● **Instructions for the task**
Return the listing below exactly, with the pictures dropped.

--- Dataset section ---

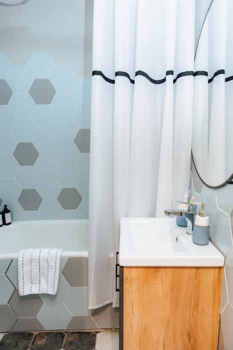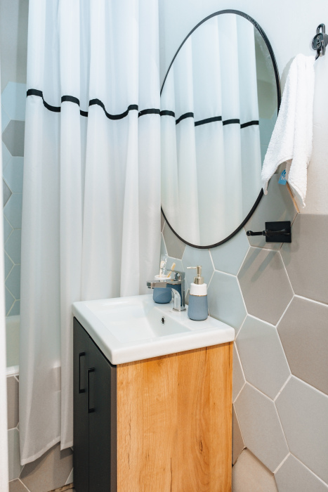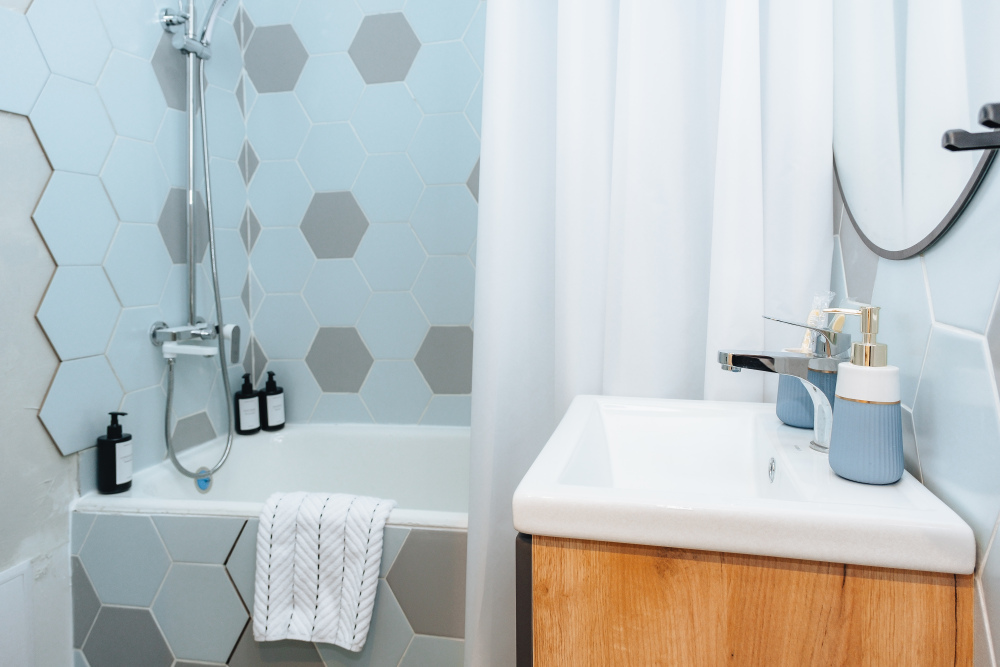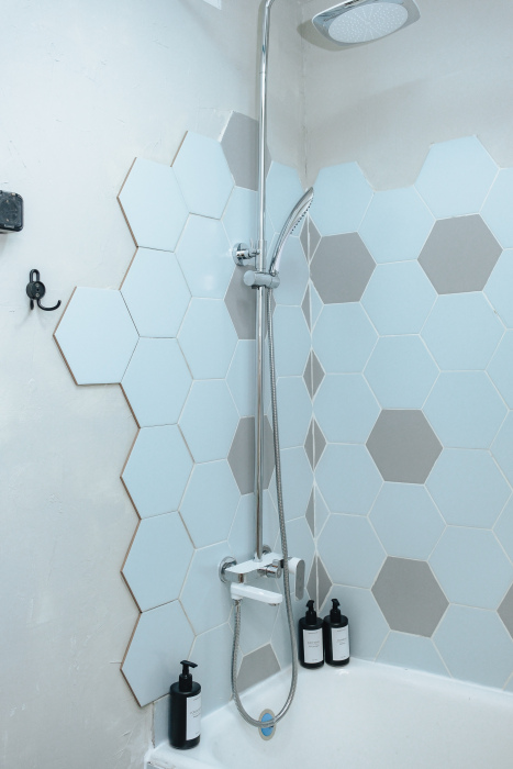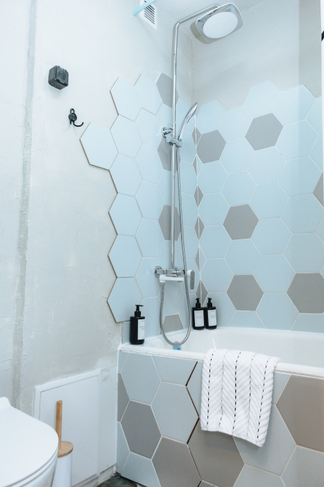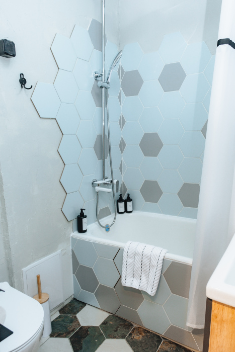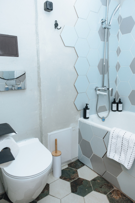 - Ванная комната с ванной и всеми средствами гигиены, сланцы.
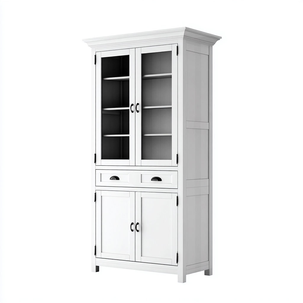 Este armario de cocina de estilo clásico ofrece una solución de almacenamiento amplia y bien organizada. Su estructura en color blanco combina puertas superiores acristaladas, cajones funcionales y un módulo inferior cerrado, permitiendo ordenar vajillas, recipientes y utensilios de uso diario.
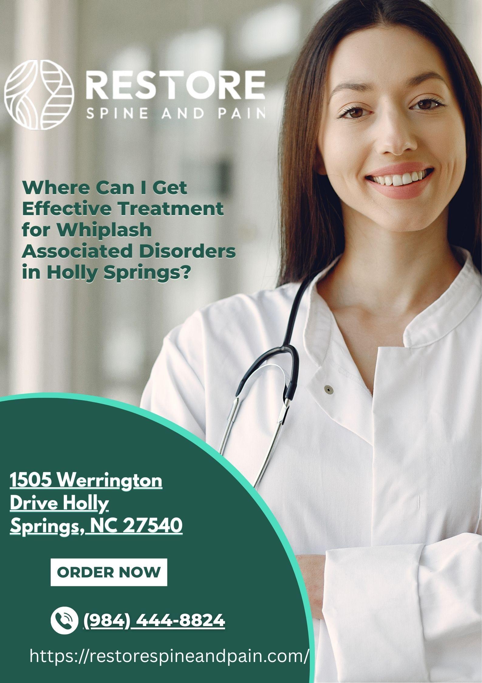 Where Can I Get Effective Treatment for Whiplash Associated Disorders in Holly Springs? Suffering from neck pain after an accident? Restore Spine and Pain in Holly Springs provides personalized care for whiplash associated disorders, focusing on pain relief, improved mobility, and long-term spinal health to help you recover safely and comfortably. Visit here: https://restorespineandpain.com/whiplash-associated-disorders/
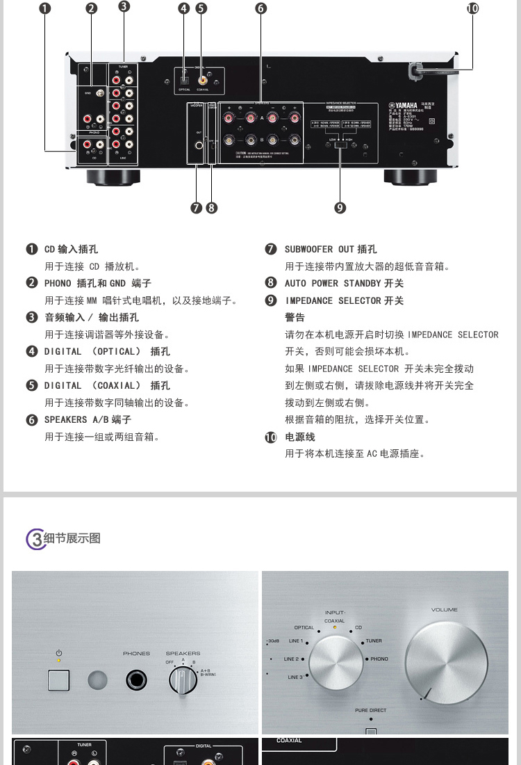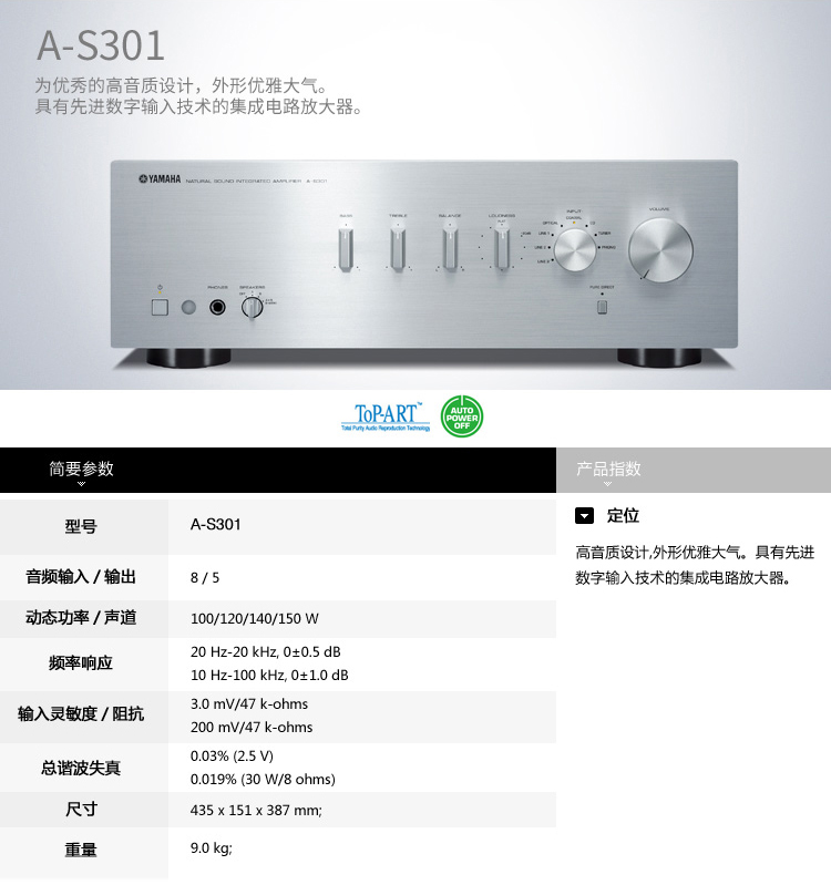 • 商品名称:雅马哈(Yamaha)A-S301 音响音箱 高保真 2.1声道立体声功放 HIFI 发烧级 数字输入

---

● **Task solution**
 - Ванная комната с ванной и всеми средствами гигиены, сланцы.
 Este armario de cocina de estilo clásico ofrece una solución de almacenamiento amplia y bien organizada. Su estructura en color blanco combina puertas superiores acristaladas, cajones funcionales y un módulo inferior cerrado, permitiendo ordenar vajillas, recipientes y utensilios de uso diario.
 Where Can I Get Effective Treatment for Whiplash Associated Disorders in Holly Springs? Suffering from neck pain after an accident? Restore Spine and Pain in Holly Springs provides personalized care for whiplash associated disorders, focusing on pain relief, improved mobility, and long-term spinal health to help you recover safely and comfortably. Visit here: https://restorespineandpain.com/whiplash-associated-disorders/
 • 商品名称:雅马哈(Yamaha)A-S301 音响音箱 高保真 2.1声道立体声功放 HIFI 发烧级 数字输入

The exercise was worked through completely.